The ICC and Africa: a blurred relationship?

MARKO SVICEVIC

On 26 October 2016, Gambia became the third African country to announce its intention to leave the International Criminal Court (ICC). The decision came shortly after both Burundi and South Africa expressed similar intentions, claiming as several other African countries have, that the ICC is biased and used as a tool against African nations and their leaders. On 22 February, a full bench of the North Gauteng High Court found South Africa’s decision to withdraw, invalid and unconstitutional. It ordered the Minister of International Relations and Cooperation, the Minister of Justice and Correctional Services, and the President, to revoke the notice of withdrawal sent to the UN Secretary-General.

While the decision of some African countries to withdraw from the ICC has been criticised, in an article in The Guardian titled “African revolt threatens international court’s legitimacy”, Simon Allison expressed the concern that the ICC may lose credibility if states continue to leave the court.

In the New York Review of Books, Kenneth Roth assesses the ICC’s focus on Africa. Roth questions whether the court’s focus on Africa was taking advantage of its “weak global position” or alternatively, “as a sign that finally someone is concerned about the countless ignored African victims”.

The ICC was established in 1998 as an international tribunal to prosecute crimes of genocide, crimes of aggression, crimes against humanity, and war crimes. Only states that have signed the agreement are bound to it.

According to the ICC website, there are currently 10 situations under investigation by the ICC. Nine of these situations are found in Africa with the tenth being in Georgia. However, there are 10 further preliminary investigations, only four of which are based in Africa. These are Burundi, Gabon, Guinea, and Nigeria. Furthermore, there have been 39 indictees to date, all of whom are from African countries. Due to this, the ICC has faced harsh criticism, especially from African heads of state. Former Gambian President, Yahya Jammeh, was quoted on Gambian state television saying that the ICC was “an International Caucasian Court for the persecution and humiliation of people of colour, especially Africans.”

Furthermore, the ICC is currently prosecuting cases in eight African countries. However, out of the eight cases, five were referred to the ICC by the states concerned with the matter. These states are the Central African Republic, the Democratic Republic of Congo, the Ivory Coast, Mali, and Uganda. The situations being prosecuted by the ICC in Libya and Sudan were referred to the ICC through the United Nations Security Council (UNSC). In the case of Sudan, 11 votes favoured referring the case to the ICC, with no votes against the decision. The situation in Libya, which arose from the Libyan crisis in 2011, saw the UNSC also refer the matter to the ICC through a UNSC resolution.

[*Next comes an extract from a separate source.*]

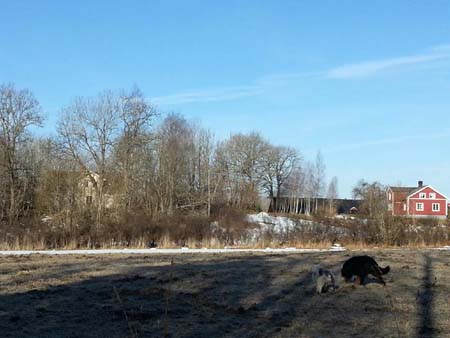När solen vaknat är det dags att lämna datorn för en stund och ta en längre morgonrunda med hundarna. Under en veckas tid har ängarna varit nästan snöfria och frusna, därför har vi flanerat över de stora öppna vidderna, hundarna och jag, medan solens strålar värmt min kropp och själ.

According to an article on the Human Rights Watch website, titled “Burundi: ICC withdrawal major loss to victims”, Africa Director for Human Rights Watch, Daniel Bekele, criticised the move by African countries to withdraw, pointing out in the case of Burundi that “[it] had failed to hold people responsible for brutal crimes to account and [had] sunk to a new low by attempting to deny victims justice before the ICC.” Bekele added that African countries should distance themselves from ICC withdrawal, reiterating that the ICC “remains the only path to justice for many victims of the gravest crimes when national courts are unable or unwilling to try these cases.”

On 7 March, South Africa issued a notice formally revoking its withdrawal from the ICC, following the Gauteng High Court’s February judgement. This was confirmed by UN Secretary-General Antonio Guterres in a statement titled “South Africa: withdrawal of notification of withdrawal” published on the UN treaties website on the same day: “I wish to inform you that the Gauteng High Court of the Republic of South Africa has on 22 February 2017 issued a judgement [...] and found that the approval of the Parliament of South Africa had to be obtained,” adding that “the abovementioned depositing of the Instrument of Withdrawal was found to be unconstitutional and invalid.” He continued, “In order to adhere to the said judgement, I hearby revoke the Instrument of Withdrawal from the Rome Statute of the International Criminal Court with immediate effect.” According to an article on TimesLive dated 8 March citing Reuters news agency, it said that the South African government had been requested to appear before the ICC at The Hague on 7 April, following its failure to detain Sudanese President Omar Al-Bashir.